● **Work order**: The output has to be the full set of records, reproduced exactly, minus any picture.

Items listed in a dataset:
#####
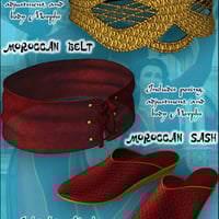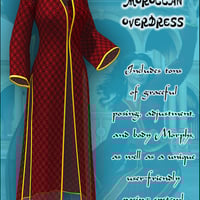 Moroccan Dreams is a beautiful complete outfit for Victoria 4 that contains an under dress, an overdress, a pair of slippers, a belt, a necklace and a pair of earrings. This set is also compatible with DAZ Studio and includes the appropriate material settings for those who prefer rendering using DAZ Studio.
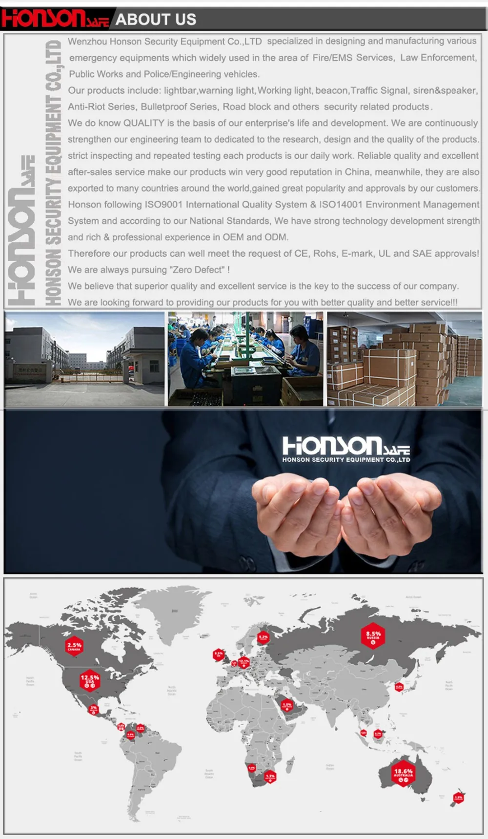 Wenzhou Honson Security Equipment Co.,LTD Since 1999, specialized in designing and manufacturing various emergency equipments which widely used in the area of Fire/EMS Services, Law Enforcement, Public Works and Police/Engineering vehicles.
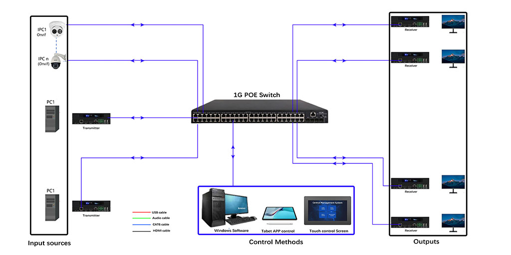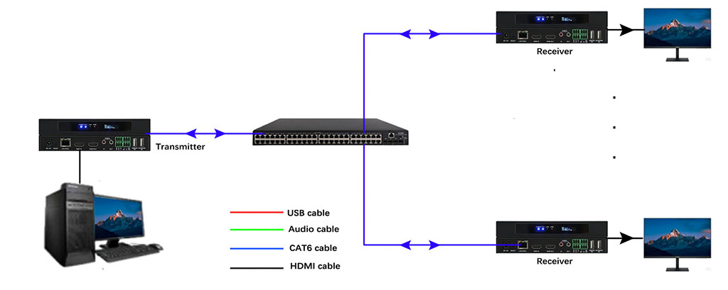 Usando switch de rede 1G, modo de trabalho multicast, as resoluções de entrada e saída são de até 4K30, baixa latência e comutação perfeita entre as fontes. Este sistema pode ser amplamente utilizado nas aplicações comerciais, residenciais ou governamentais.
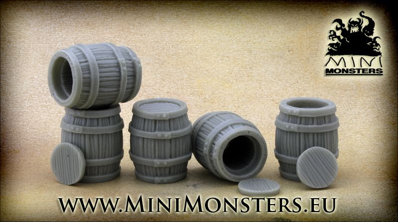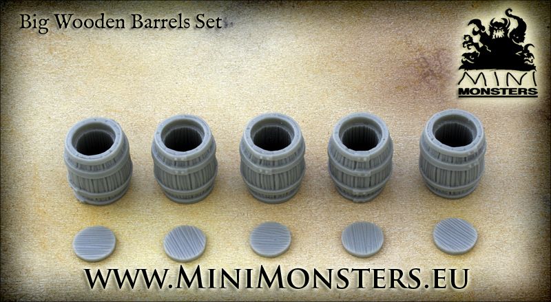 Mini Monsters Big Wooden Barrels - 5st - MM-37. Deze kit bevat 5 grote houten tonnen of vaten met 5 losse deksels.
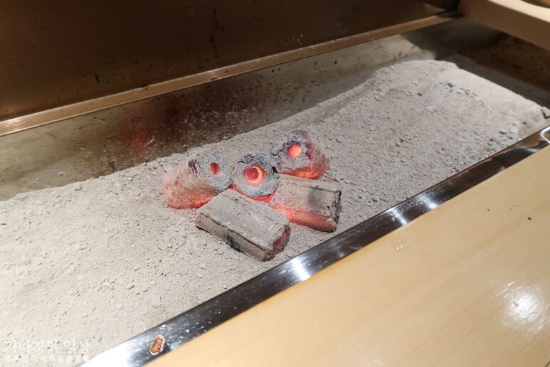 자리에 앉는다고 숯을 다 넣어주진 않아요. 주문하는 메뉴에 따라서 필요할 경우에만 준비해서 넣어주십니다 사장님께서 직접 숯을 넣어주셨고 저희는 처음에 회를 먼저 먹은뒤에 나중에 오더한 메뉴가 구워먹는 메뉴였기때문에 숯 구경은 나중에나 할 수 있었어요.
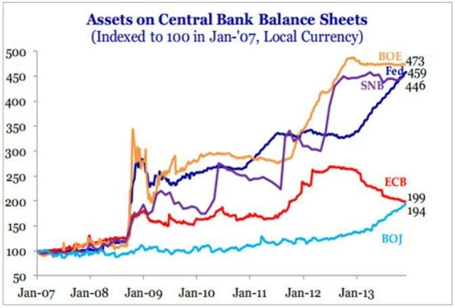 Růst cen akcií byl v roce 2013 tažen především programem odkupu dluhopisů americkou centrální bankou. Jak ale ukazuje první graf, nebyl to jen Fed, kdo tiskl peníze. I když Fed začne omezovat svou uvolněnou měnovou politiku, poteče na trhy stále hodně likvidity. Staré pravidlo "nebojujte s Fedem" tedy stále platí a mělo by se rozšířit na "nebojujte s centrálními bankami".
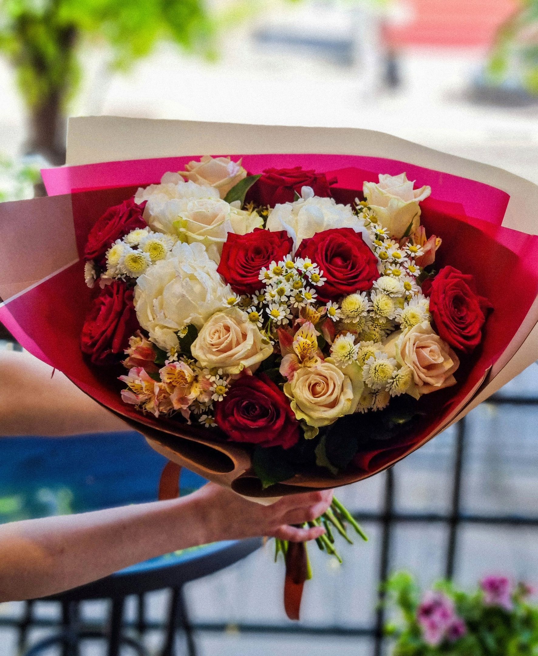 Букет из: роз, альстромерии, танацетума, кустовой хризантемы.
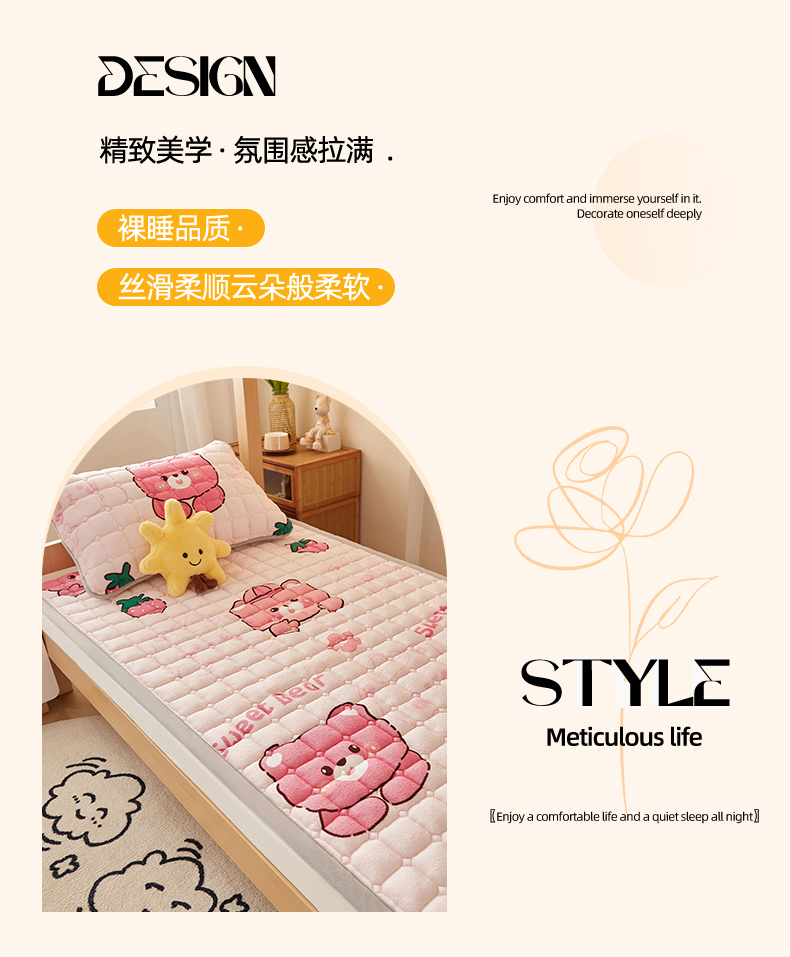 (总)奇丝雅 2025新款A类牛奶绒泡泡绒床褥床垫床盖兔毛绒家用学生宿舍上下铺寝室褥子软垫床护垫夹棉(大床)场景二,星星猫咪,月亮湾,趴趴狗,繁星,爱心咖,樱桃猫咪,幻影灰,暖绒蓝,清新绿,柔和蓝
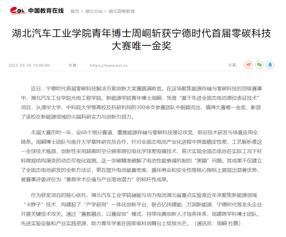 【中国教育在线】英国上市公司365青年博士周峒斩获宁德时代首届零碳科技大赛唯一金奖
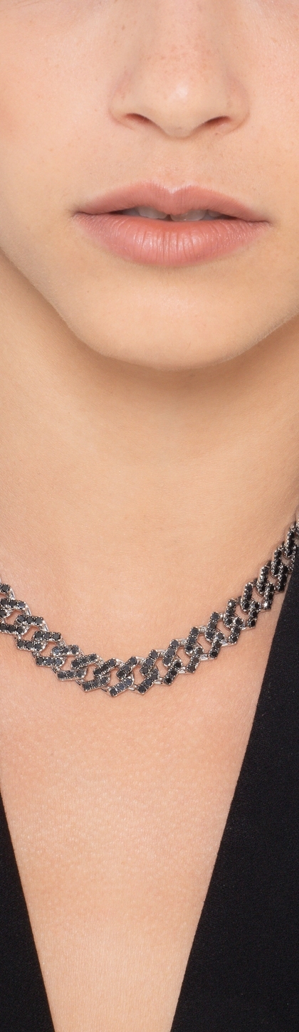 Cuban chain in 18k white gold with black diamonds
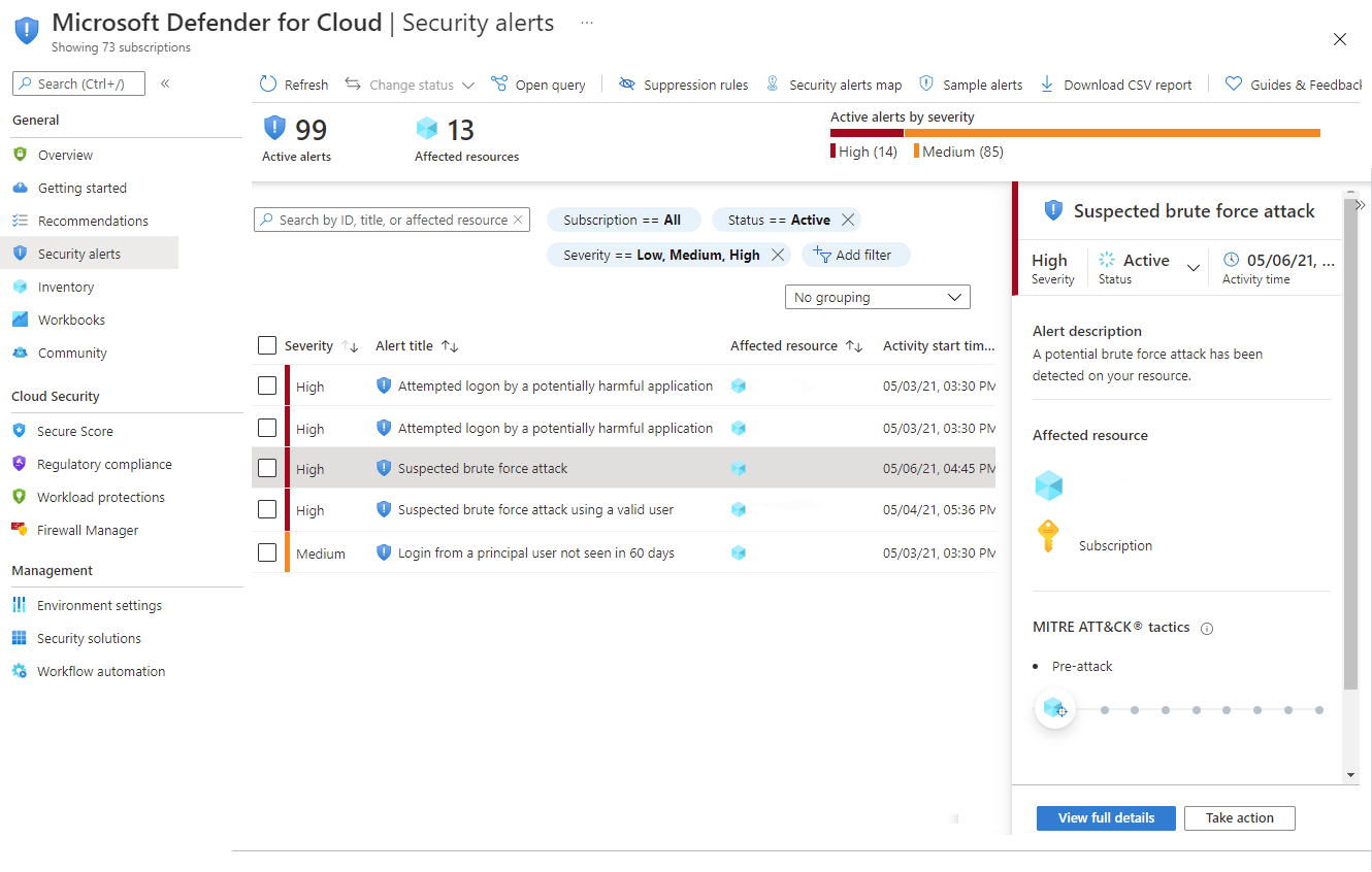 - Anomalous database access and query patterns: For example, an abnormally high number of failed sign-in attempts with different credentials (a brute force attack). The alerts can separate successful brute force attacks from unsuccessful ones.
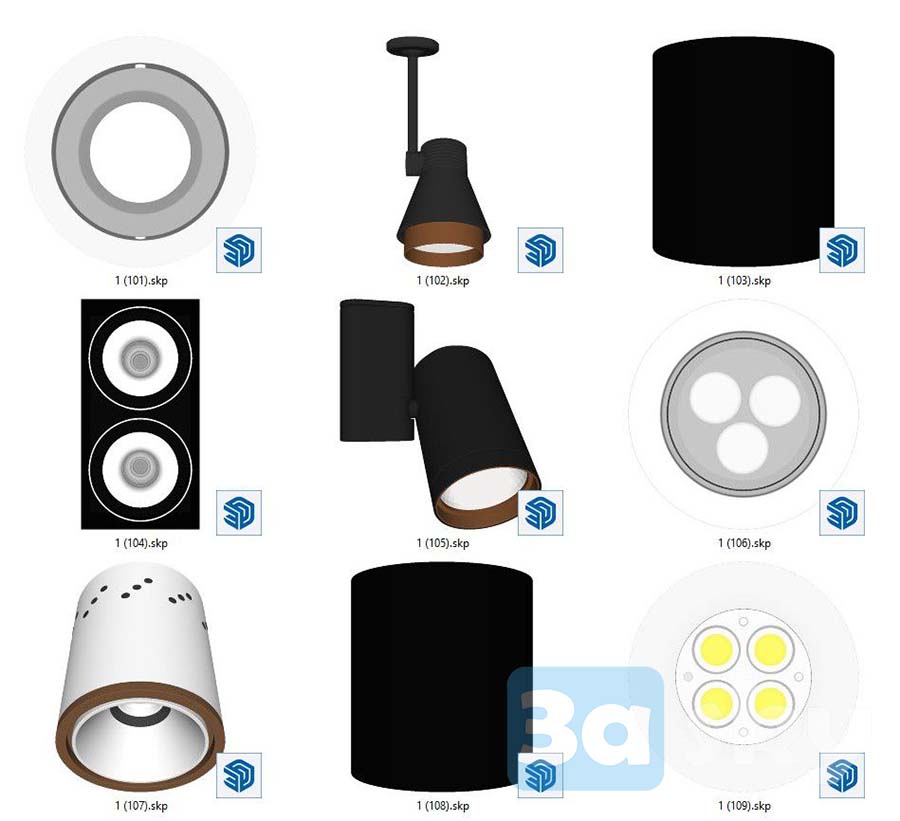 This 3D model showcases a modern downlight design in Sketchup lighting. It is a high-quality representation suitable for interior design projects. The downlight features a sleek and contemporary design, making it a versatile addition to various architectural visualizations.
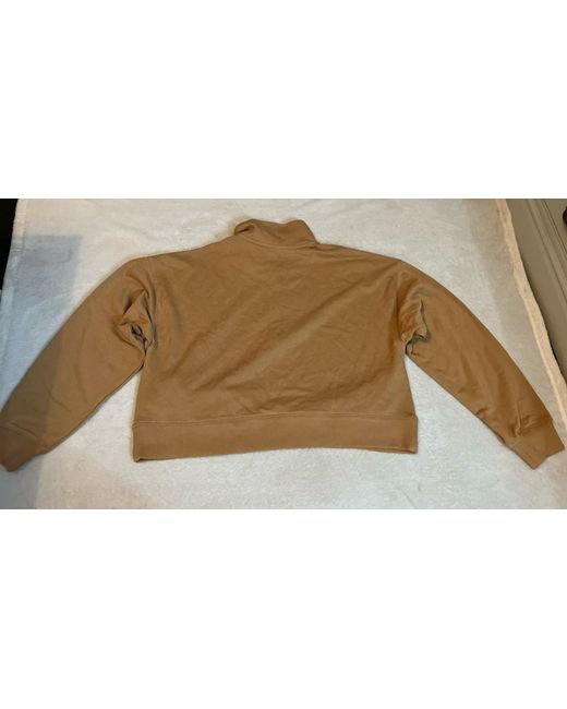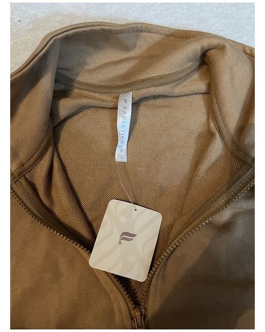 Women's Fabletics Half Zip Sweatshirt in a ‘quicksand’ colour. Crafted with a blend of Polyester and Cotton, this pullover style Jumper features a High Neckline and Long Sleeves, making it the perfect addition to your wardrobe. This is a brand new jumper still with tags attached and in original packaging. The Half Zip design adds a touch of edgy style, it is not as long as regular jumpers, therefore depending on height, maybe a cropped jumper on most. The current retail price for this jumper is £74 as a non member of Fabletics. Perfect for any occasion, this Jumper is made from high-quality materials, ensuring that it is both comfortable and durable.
#####
● **Answer space**:
 Moroccan Dreams is a beautiful complete outfit for Victoria 4 that contains an under dress, an overdress, a pair of slippers, a belt, a necklace and a pair of earrings. This set is also compatible with DAZ Studio and includes the appropriate material settings for those who prefer rendering using DAZ Studio.
 Wenzhou Honson Security Equipment Co.,LTD Since 1999, specialized in designing and manufacturing various emergency equipments which widely used in the area of Fire/EMS Services, Law Enforcement, Public Works and Police/Engineering vehicles.
 Usando switch de rede 1G, modo de trabalho multicast, as resoluções de entrada e saída são de até 4K30, baixa latência e comutação perfeita entre as fontes. Este sistema pode ser amplamente utilizado nas aplicações comerciais, residenciais ou governamentais.
 Mini Monsters Big Wooden Barrels - 5st - MM-37. Deze kit bevat 5 grote houten tonnen of vaten met 5 losse deksels.
 자리에 앉는다고 숯을 다 넣어주진 않아요. 주문하는 메뉴에 따라서 필요할 경우에만 준비해서 넣어주십니다 사장님께서 직접 숯을 넣어주셨고 저희는 처음에 회를 먼저 먹은뒤에 나중에 오더한 메뉴가 구워먹는 메뉴였기때문에 숯 구경은 나중에나 할 수 있었어요.
 Růst cen akcií byl v roce 2013 tažen především programem odkupu dluhopisů americkou centrální bankou. Jak ale ukazuje první graf, nebyl to jen Fed, kdo tiskl peníze. I když Fed začne omezovat svou uvolněnou měnovou politiku, poteče na trhy stále hodně likvidity. Staré pravidlo "nebojujte s Fedem" tedy stále platí a mělo by se rozšířit na "nebojujte s centrálními bankami".
 Букет из: роз, альстромерии, танацетума, кустовой хризантемы.
 (总)奇丝雅 2025新款A类牛奶绒泡泡绒床褥床垫床盖兔毛绒家用学生宿舍上下铺寝室褥子软垫床护垫夹棉(大床)场景二,星星猫咪,月亮湾,趴趴狗,繁星,爱心咖,樱桃猫咪,幻影灰,暖绒蓝,清新绿,柔和蓝
 【中国教育在线】英国上市公司365青年博士周峒斩获宁德时代首届零碳科技大赛唯一金奖
 Cuban chain in 18k white gold with black diamonds
 - Anomalous database access and query patterns: For example, an abnormally high number of failed sign-in attempts with different credentials (a brute force attack). The alerts can separate successful brute force attacks from unsuccessful ones.
 This 3D model showcases a modern downlight design in Sketchup lighting. It is a high-quality representation suitable for interior design projects. The downlight features a sleek and contemporary design, making it a versatile addition to various architectural visualizations.
 Women's Fabletics Half Zip Sweatshirt in a ‘quicksand’ colour. Crafted with a blend of Polyester and Cotton, this pullover style Jumper features a High Neckline and Long Sleeves, making it the perfect addition to your wardrobe. This is a brand new jumper still with tags attached and in original packaging. The Half Zip design adds a touch of edgy style, it is not as long as regular jumpers, therefore depending on height, maybe a cropped jumper on most. The current retail price for this jumper is £74 as a non member of Fabletics. Perfect for any occasion, this Jumper is made from high-quality materials, ensuring that it is both comfortable and durable.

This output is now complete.